Problem Set: Minimum Legal Drinking Age

The Data

Because access to the underlying individual mortality data is restricted, here we will work with group averages. The data you will need to complete the following is available from https://ditraglia.com/data/mlda.dta. The dataset contains multiple columns, but you’ll only need two of them. The first is agecell. This variable contains age in months, stored as a whole number of years plus a decimal. For example, agecell == 19.06849 means roughly 19 years and a month. (It’s a bit inelegant, I agree!) The second is all, which gives all-cause mortality rates per 100,000 individuals.

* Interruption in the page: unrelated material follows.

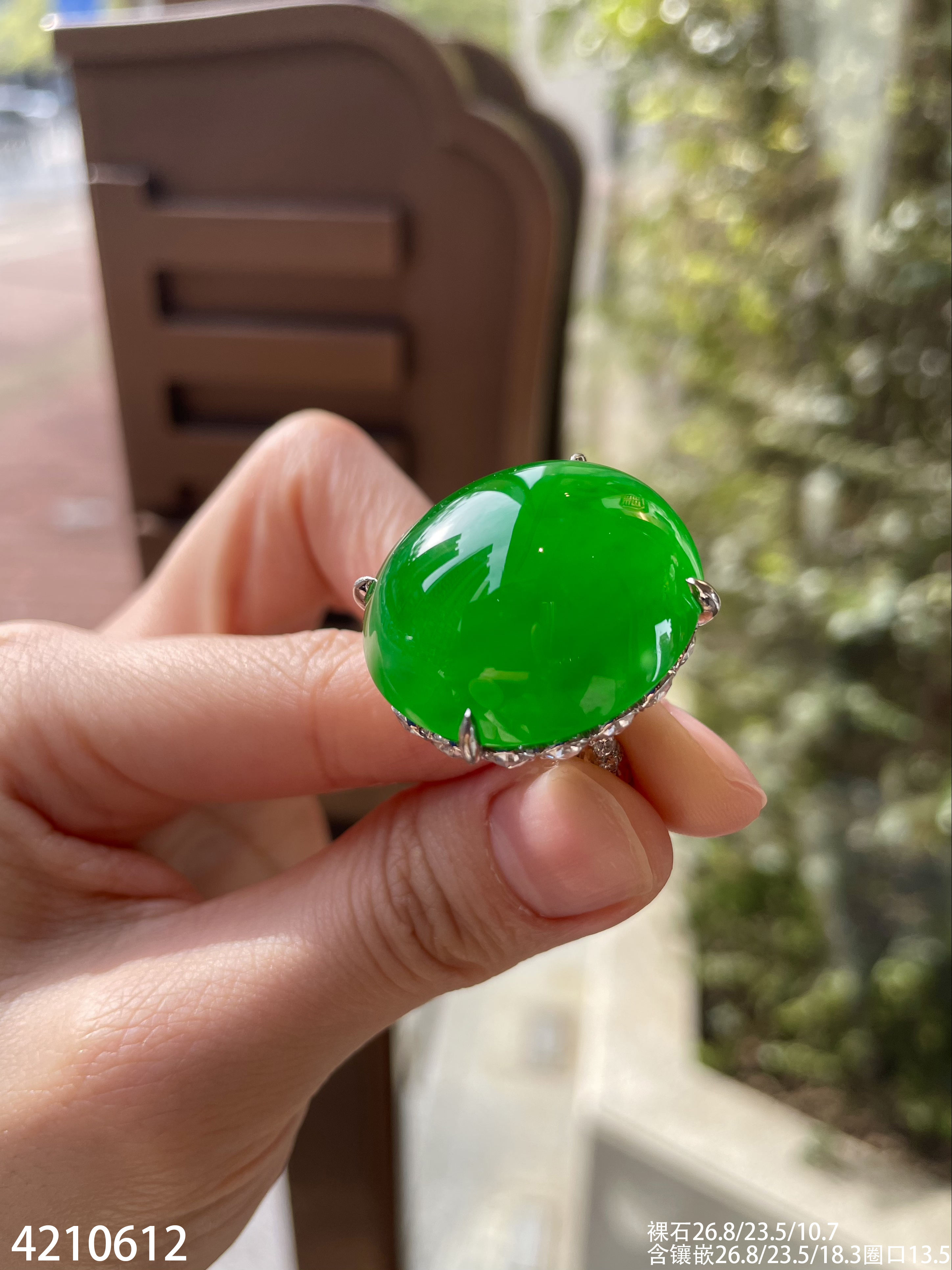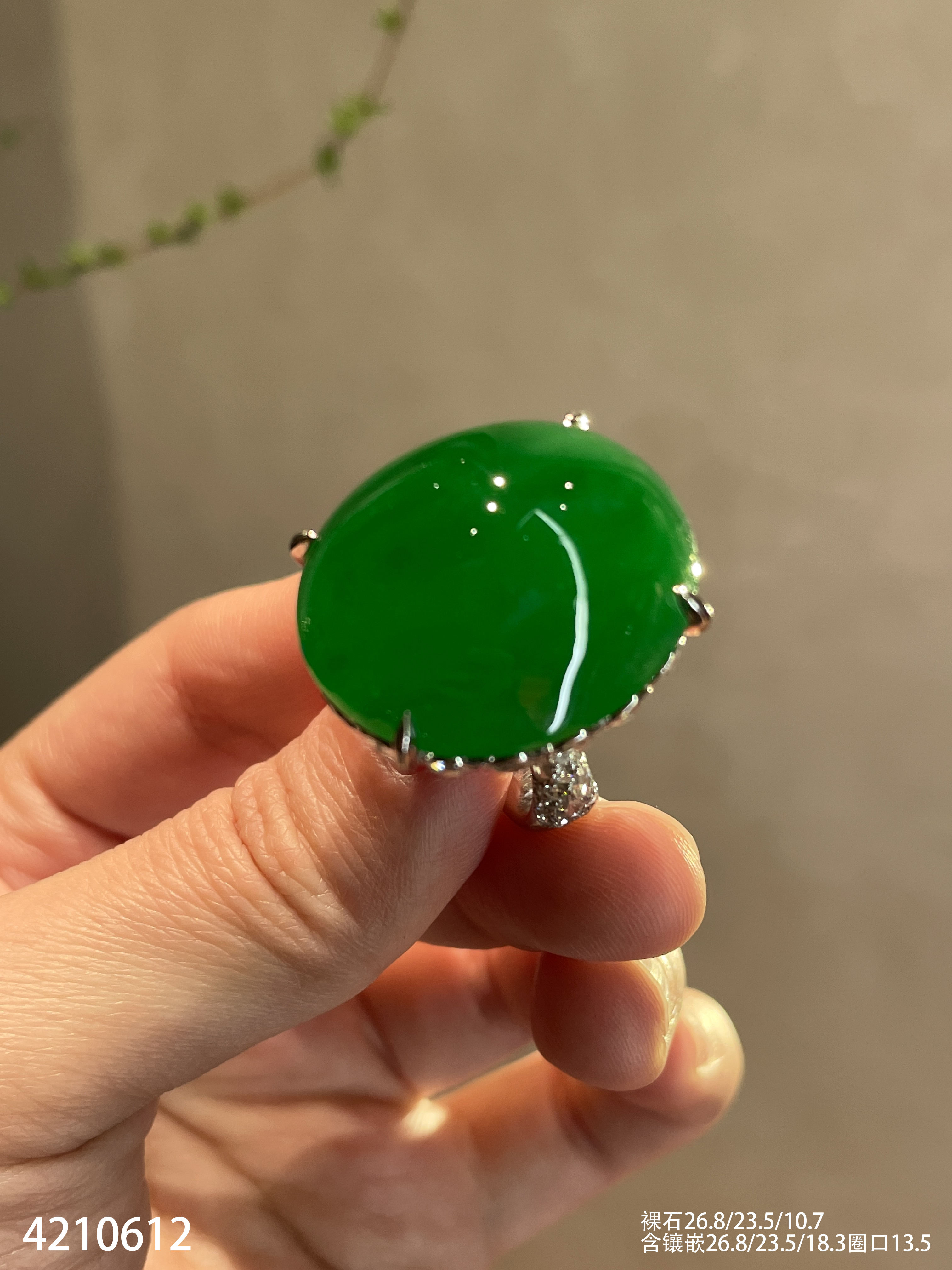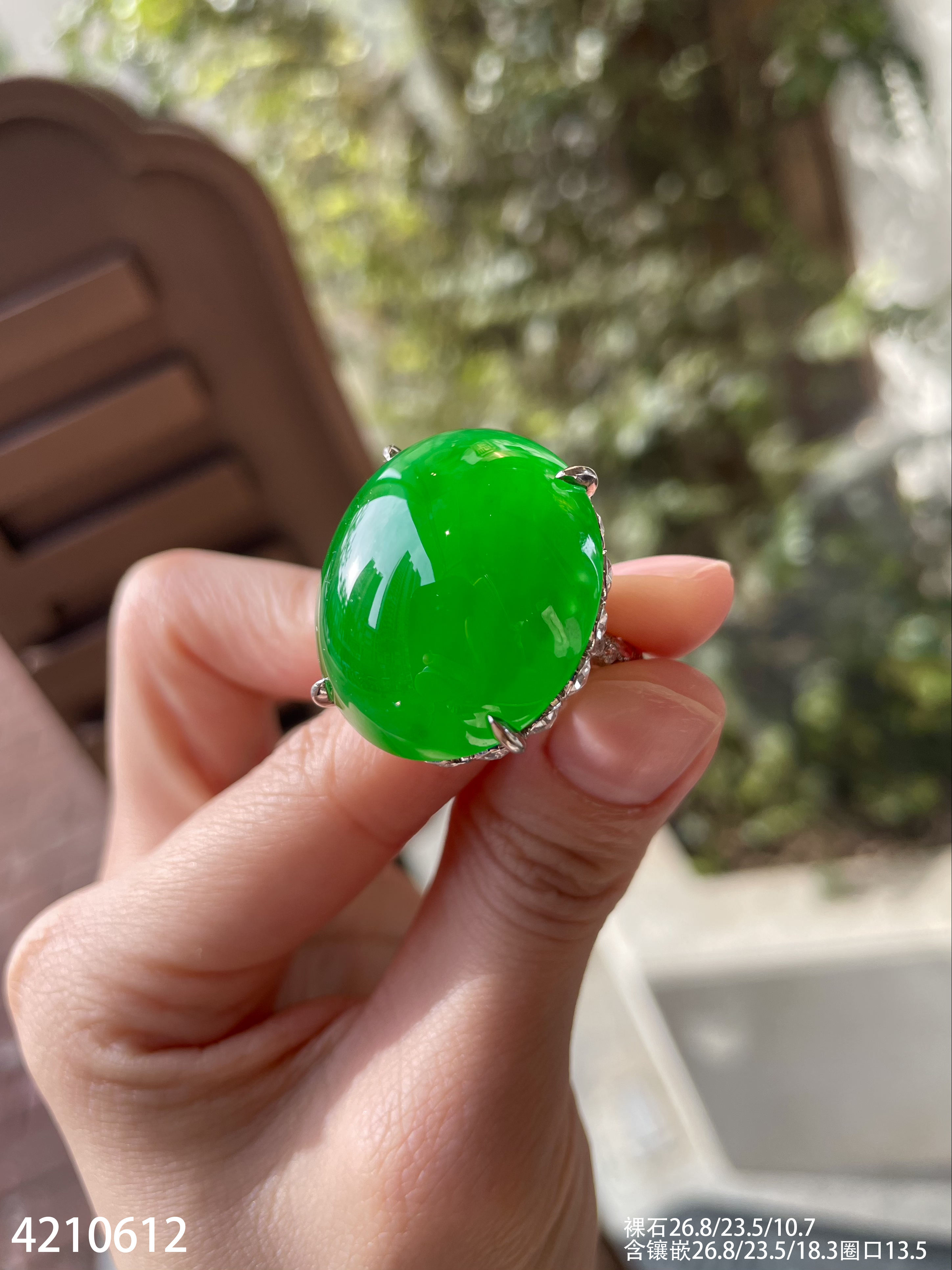 老坑艳绿蛋面戒指【4210612】具体价格微信咨询
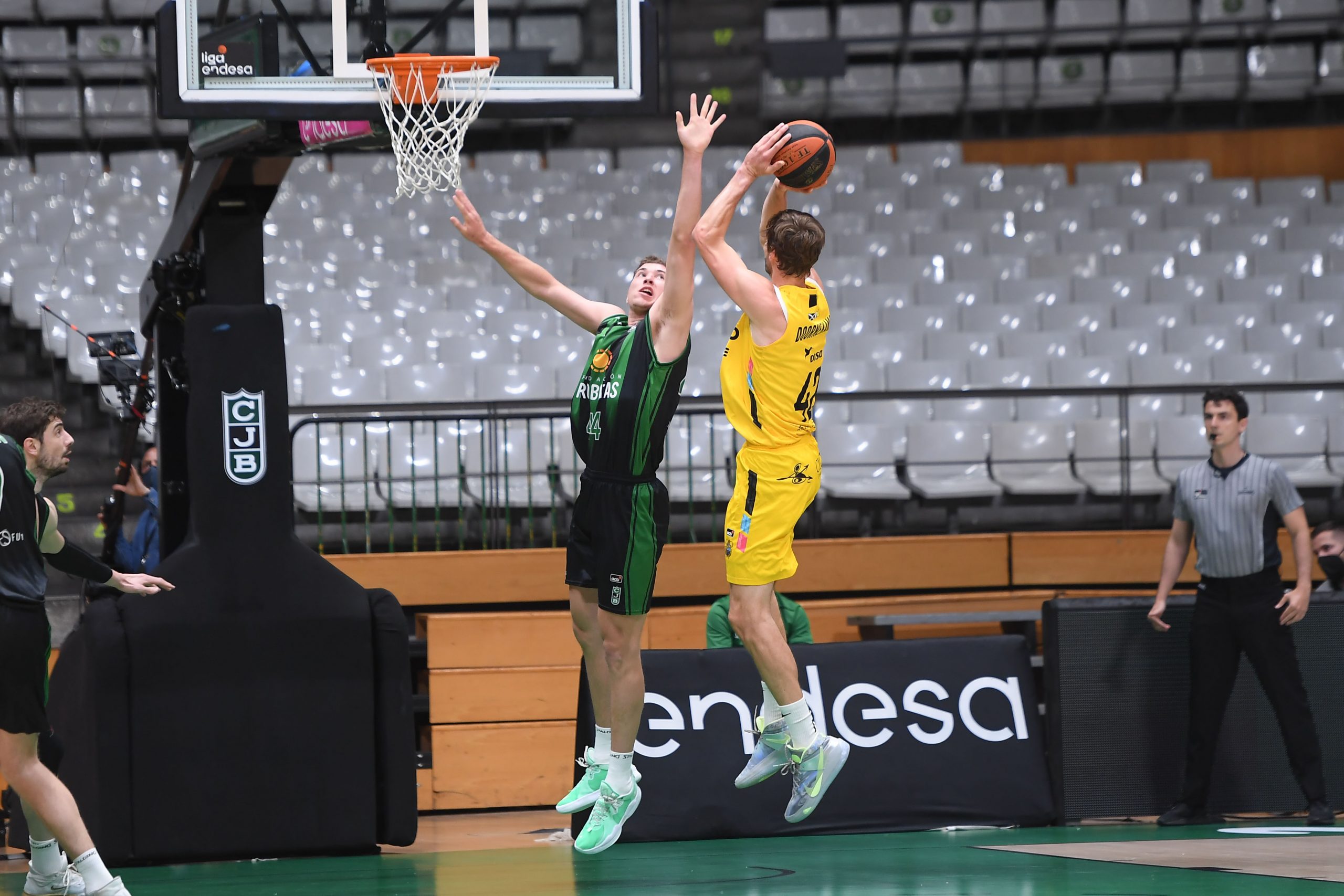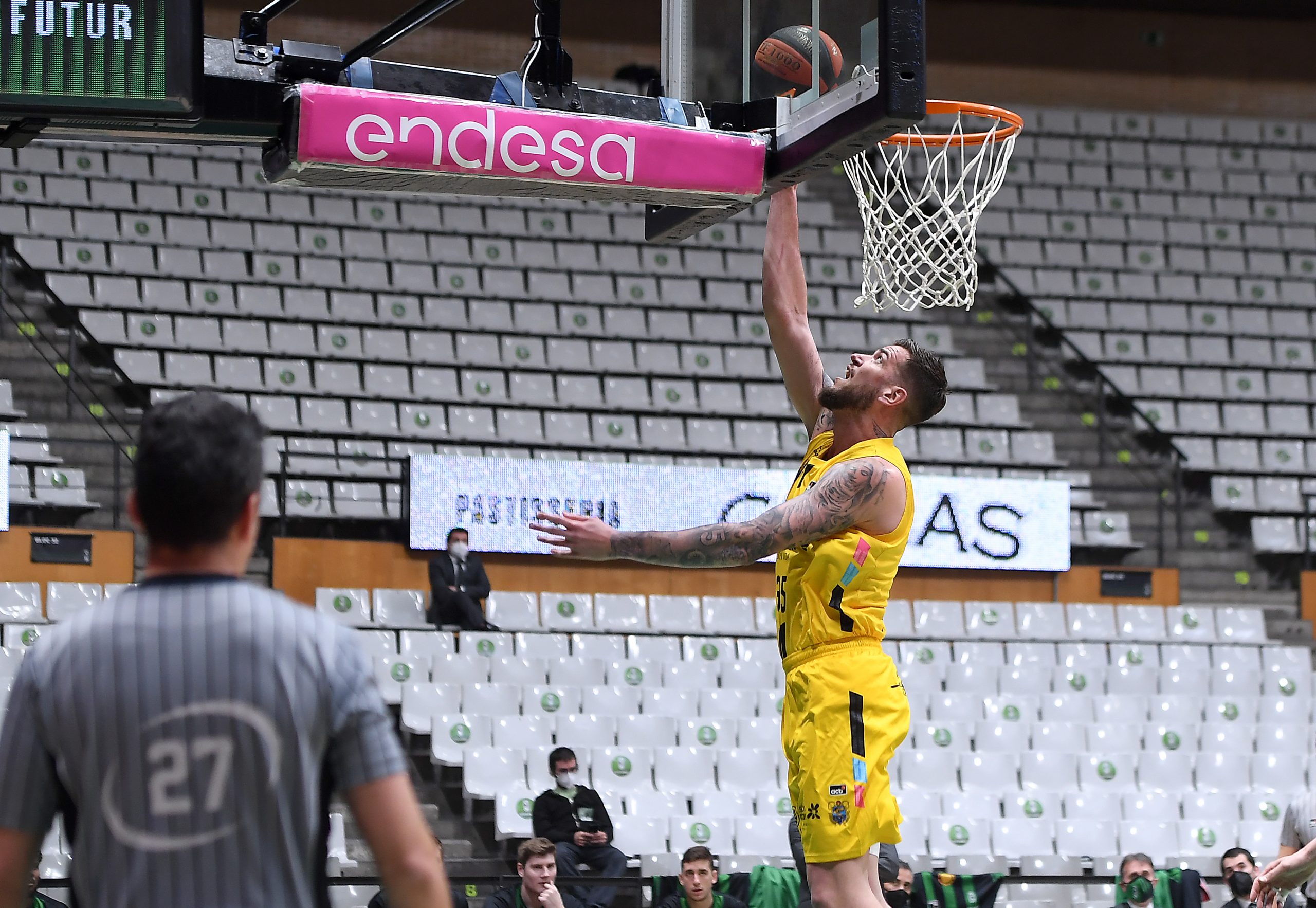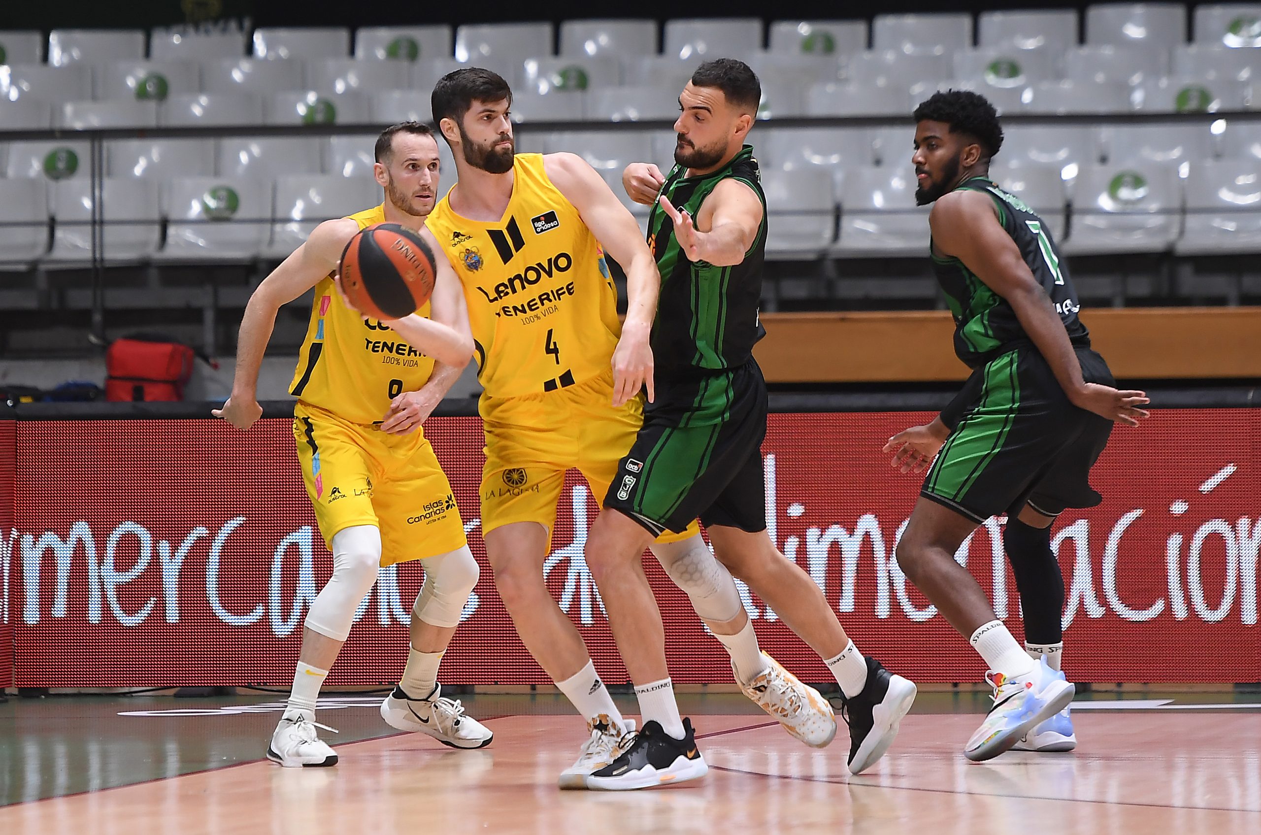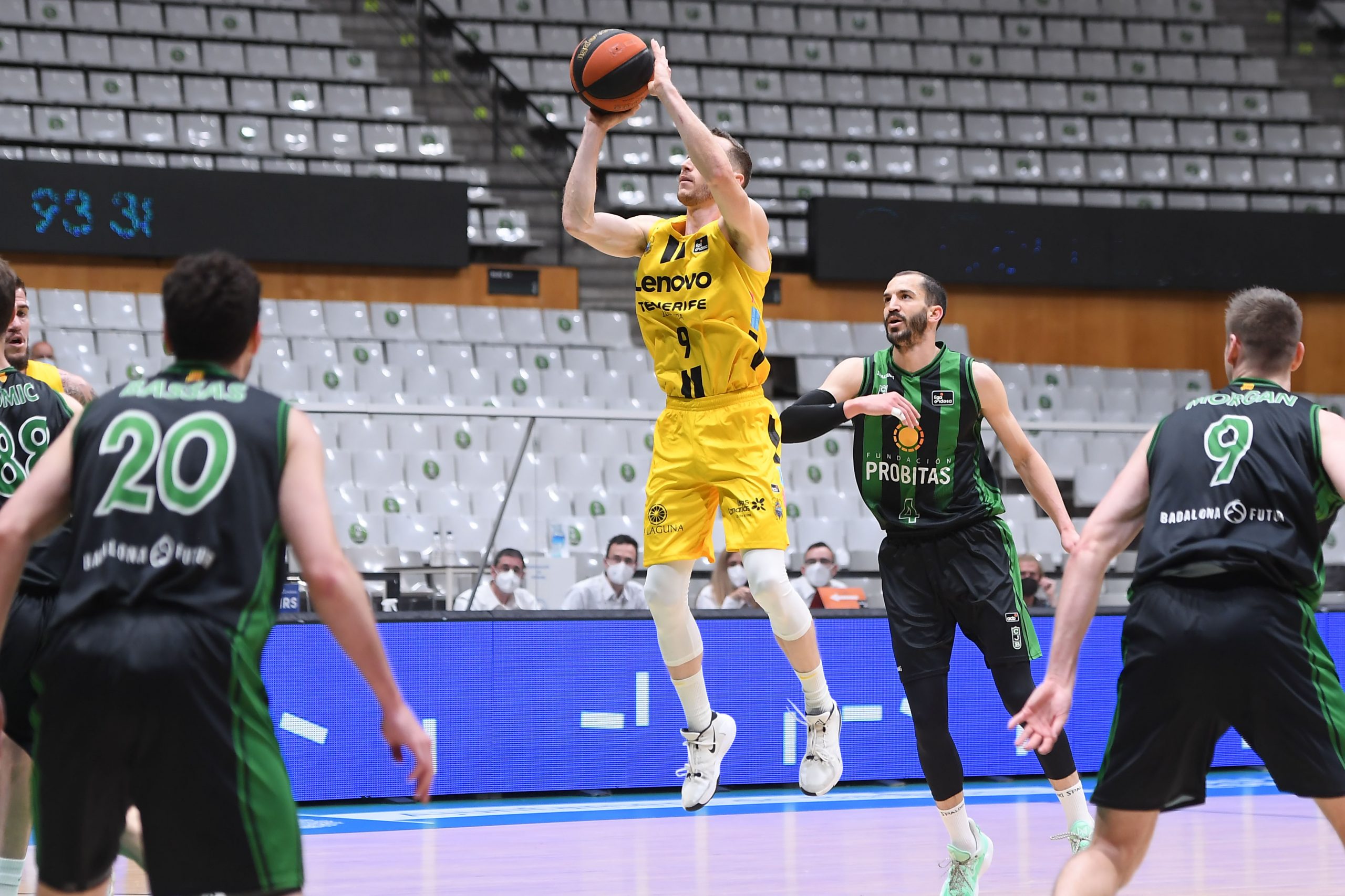 Más sólido y fluido que en el primer acto, el Lenovo Tenerife siguió estrechando el cerco (66-64) y logró, incluso, ponerse por delante camino del epílogo (74-76, min. 35). Dos triples de Aaron Doornekamp, uno de ellos tras un tapón espectacular a Bassas, alimentaban las opciones aurinegras (78-79 y 81-82), pero fue entonces cuando el Joventut, metido de lleno en la puja por entrar en las series finales, jugó mejor sus bazas.

These variables were constructed as follows: underlying both of them is individual data on mortality. These individual data were grouped into fifty “bins” based on age in months. The average age in the bin was stored in agecell and the mortality rate in the bin was stored in all. (I provide this explanation only in case you’re curious: you won’t need to worry about it below!)

Exercises

  1. Load the data (it’s a .dta file, so you’ll want to use read_dta() from the haven package). Typeset the linear RD model and define the Conditional Average Treatment Effect (CATE).
  2. Use a linear RD model to estimate the causal effect of legal access to alcohol on death rates. Plot your results and carry out appropriate statistical inference. Interpret the CATE and discuss your findings. Hint: Consult the “Regression discontinuity” lecture slides if you need a reminder of the econometrics or the implementation in R.
  3. Repeat the preceding part using a quadratic rather than linear specification. Compare and contrast your findings.
  4. RD analysis is fundamentally local in nature: the mortality rates of individuals far from the cut-off should not inform us about the causal effect for 21 year olds. Repeat parts 2 and 3 after restricting your sample to ages between 20 and 22, inclusive, to check the sensitivity of your results. Discuss your findings.